On the other hand, Hazelcast client on Tomcat containers expect the Hazelcast server (at least one member of the cluster) to be up and running to initialize. If no cluster member is available, initialization fails, and ... web applications in the Tomcat servlet container do not start right. They won't answer any request.

Furthermore, once initialization fails, only way to recover is to shutdown and re-start the tomcat web containers (once a hazelcast cluster member is online).

This behaviour is a bit harsh on system administrators: no one can guarantee that a backup service as distributed session persistence is online all time. That means that launching a Tomcat client becomes a risky task, with a single point of failure by design, which is undesirable.

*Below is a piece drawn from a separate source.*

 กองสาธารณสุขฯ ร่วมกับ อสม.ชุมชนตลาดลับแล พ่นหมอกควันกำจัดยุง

Now, maybe I overlooked something, maybe I got something wrong. So, ¿Did someone ever managed to start a Hazelcast client without servers, and how? For us, the difference is decisive: if we cannot make the web container start with the hazelcast server offline, then we must keep going on with WebSphere.

We have been trying it on a CentOS 7.5 on Virtual Box 5.2.22, and our Tomcat version is 8.5. Hazelcast client and server is 3.11.1/2.

<group>
    <name>Integracion</name>
    <password></password>
</group>

<network>
  <cluster-members>
    <address>hazelcastsrv1/address>
    <address>hazelcastsrv2</address>
  </cluster-members>
</network>

Sadly, we expect exactly what we get: the reading of the Hazelcast manual suggest that offline servers won't allow tomcat to serve applications. But we cannot beleive what we read, because it makes the library unsafe in a distributed context. We expect to be wrong, and that there are good news around the corner.

2

2 Answers

0
votes

Hazelcast is not "a single point of failure by design". The design is to avoid a single point of failure. Data is mirrored across the nodes by default.

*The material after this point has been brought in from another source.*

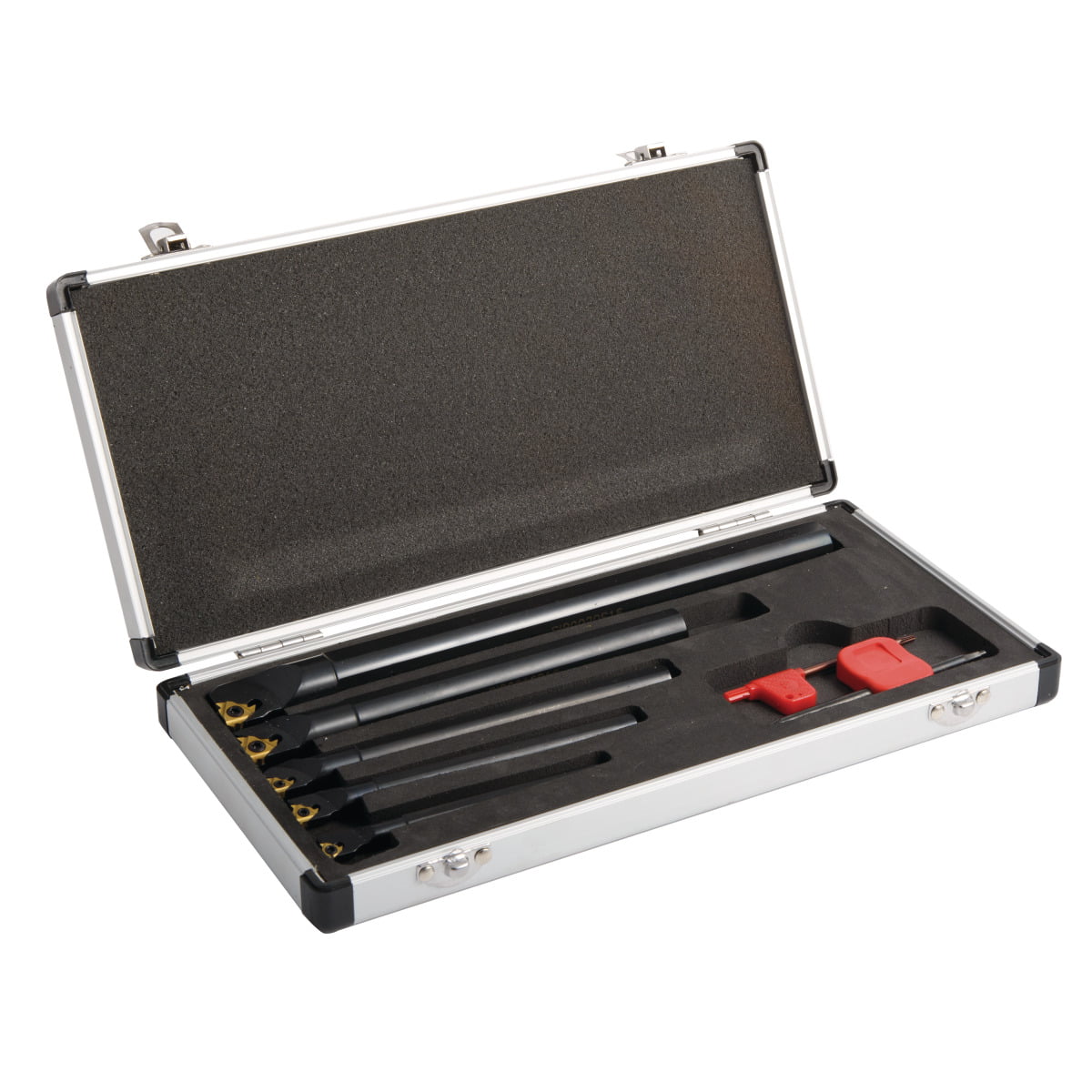 Das 5-teilige Set (8/10/12/16/20 mm) mit TIN-beschichteten HM-Wendeplatten wird in einer Aluminiumbox von Optimum Maschinen Germany GmbH, ansässig in Hallstadt, Deutschland, angeboten.

It's a data grid, you run as many nodes as capacity and resilience requires, and they cluster together.

If you need 3 nodes to be up for successful operations, and also anticipate that 1 might go down, then you need to run 4 in total. Should that 1 failure happen, you have a cluster surviving that is big enough.

0
votes

Power-on/Power-off order is not relevant in Hazelcast, as long as you are providing remaining nodes, during power-off, enough time to let repartitioning complete. For example, in a 4 nodes cluster, if you take out 1 node and give the other 3 room to complete repartitioning then you dont loose the data. If you take out 2 nodes together then the cluster will be without the data whose backup was stored on 1 of the 2 nodes you took out.

For starting up, the startup sequence is not relevant as each node owns certain set of partitions that are determined based on consistent hashing. And this ownership continues to change even if there are nodes leaving/joining a running cluster.